The "inescapable truths" one year on: what's changed?
Last year we launched our "Inescapable investment truths for the decade ahead". They comprised a number of economic forces and disruptive factors we thought would shape the investment landscape ahead of us, as well as a guide to how investors might respond.
Here, one year on, we provide a brief update in response to recent events, particularly the turn in global monetary policy.
The Inescapable truths describe an outlook for the world economy of subdued growth and low inflation against a backdrop of disruption from populist politics, technology and climate change. We predicted real interest rates to be low, and that investors would struggle to meet their goals from market beta alone as stock market index returns are likely to be held back by the macroeconomic backdrop.

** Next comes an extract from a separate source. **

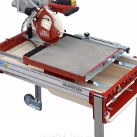 Кращий каменеріз на ринку прокату в Києві. Застосовується для різання по прямій і під кутом, від 0 до 45 градусів керамічної плитки, керамограніта, цегли, мармуру, граніту, тротуарної плитки, цементних блоків та інших будівельних матеріалів. Відсутність люфтів, велика потужність дозволяє точно різати керамограніт, граніт товщиною до 80 мм. Можливість застосування диска 250 мм, а так само можливість встановлення додаткового підтримуючого диска, дозволяє добитися відмінних результатів при знятті фаски під кутом 45 гр. у матеріалах великої товщини і міцності. Для звичайного плиткорізу зняття фаски в важкому керамограніті – дуже важке і практично нездійсненне завдання при товщині більше 10 мм. Зняття торцевого упора дозволяє різати плитку практично будь-якої довжини.

An important feature of this outlook is that we expected the supportive tailwind from falling bond yields to fade. This would leave equity markets more dependent on earnings growth, rather than the positive effect of falling bond yields on valuations, for return. Consequently, investors will have to be more discerning in identifying pockets of growth and in navigating the impact of disruptive forces on traditional business models. We described this as a shift “from macro to micro”. One year on, we believe these views remain intact.
The return of the macro tailwind?
The US Federal Reserve (Fed) pivoted on monetary policy in 2019 from tightening to easing and other central banks have followed suit. Interest rates have been cut and the Fed also announced the end of its programme of quantitative tightening (QT). Elsewhere, the European Central Bank (ECB) has cut rates and relaunched its asset purchase programme (QE), whilst rates have been cut in China. Even the Bank of England has moderated its hawkish tone and is considering a rate cut.
In response, bond yields have fallen sharply and equity markets have benefitted once more from the tailwind of re-rating. Within equity markets, the interest rate sensitive bond proxies have outperformed as investors have searched for yield. Once again macro factors have trumped micro in driving performance.
The return of the macro tailwind has certainly been a key feature of 2019 and could be seen as a challenge to our macro to micro thesis. But it is only part of the story of the past 12 months, as it omits the severe de-rating seen in the fourth quarter of 2018.
Essentially, we have had a weaker equity market over the past 12 months which has seen a severe de-rating (fall in price-earnings ratio) followed by a near equivalent re-rating. At the same time, earnings per share have remained roughly level (see the chart below).
On a one-year view global equity market performance is more in line with the spirit of the Inescapable truths than the calendar year figures would suggest.
Furthermore, we would argue that the headwinds we identified a year ago have underpinned the Fed’s decision to change tack. Underlying growth is simply not strong enough to withstand external shocks such as trade tensions without risking a dip into recession.
We see the dispute between the US and China as part of the geopolitical disruption investors will have to live with in the future and the Fed has had to respond. In this respect the pressure from populism on markets has increased. No doubt we will see more headlines in 2020 as the US presidential election race gets underway, with many Democrat party candidates shifting to the left to counter Trump with policies on regulation and tax. More immediately, the UK is likely to see an election fight between two populists – Boris Johnson and Jeremy Corbyn – before the end of the year.
Investors have also seen a noticeable increase in pressure from climate change. Widespread protest around the world has focused attention on government action (or lack of it) to mitigate the worst effects of global warming. The number of climate-related proposals at shareholder meetings has increased and will continue to rise as more investors adopt environmental guidelines.
Coming back to our macro to micro theme: the question remains as to whether central banks can continue to drive markets from here.
At the limit?
The loose policy stance will certainly remain for the time being. This will keep liquidity abundant. For example, there is scope for, and we expect, more rate cuts from the Fed. However, it is debatable as to how far this will go in pushing equity PE ratios higher given that the markets are already discounting significant further easing.
As for the ECB, the departed President Mario Draghi has made it clear that he has done all he can on monetary policy and that he would now expect governments to make greater use of fiscal policy to support growth. China has scope to cut rates further. However, in Japan, policy probably reached its limits some time ago as the Bank of Japan’s quantitative easing programme has already extended into areas such as equity and REITs, which have so far proved off limits to others.
There is of course a further step that central banks could take to boost activity. Modern Monetary Theory (MMT) argues that rather than printing money to buy financial assets, central banks should create money to directly fund public expenditure or tax cuts. Some have called this “People’s QE”, economists know it as a “helicopter drop”. Either way, it would inject cash directly into the economy and would undoubtedly boost activity, particularly inflation.
In this respect though MMT would drive bond yields higher (as inflation expectations soared) and hence would cause a de-rating rather than re-rating of stock markets. Central banks would be a headwind rather than tailwind for markets as bond yields rose and valuations fell. Within equity markets though there would be a major rotation from the bond proxies to the value and cyclical stocks.
From the perspective of the Inescapable truths one year on, this suggests that our original “from macro to micro” view still holds as monetary policy approaches its limits. However, the fact that policies such as MMT are even being discussed suggests that the disruption from politics has further to run as populists turn their ire on central banks.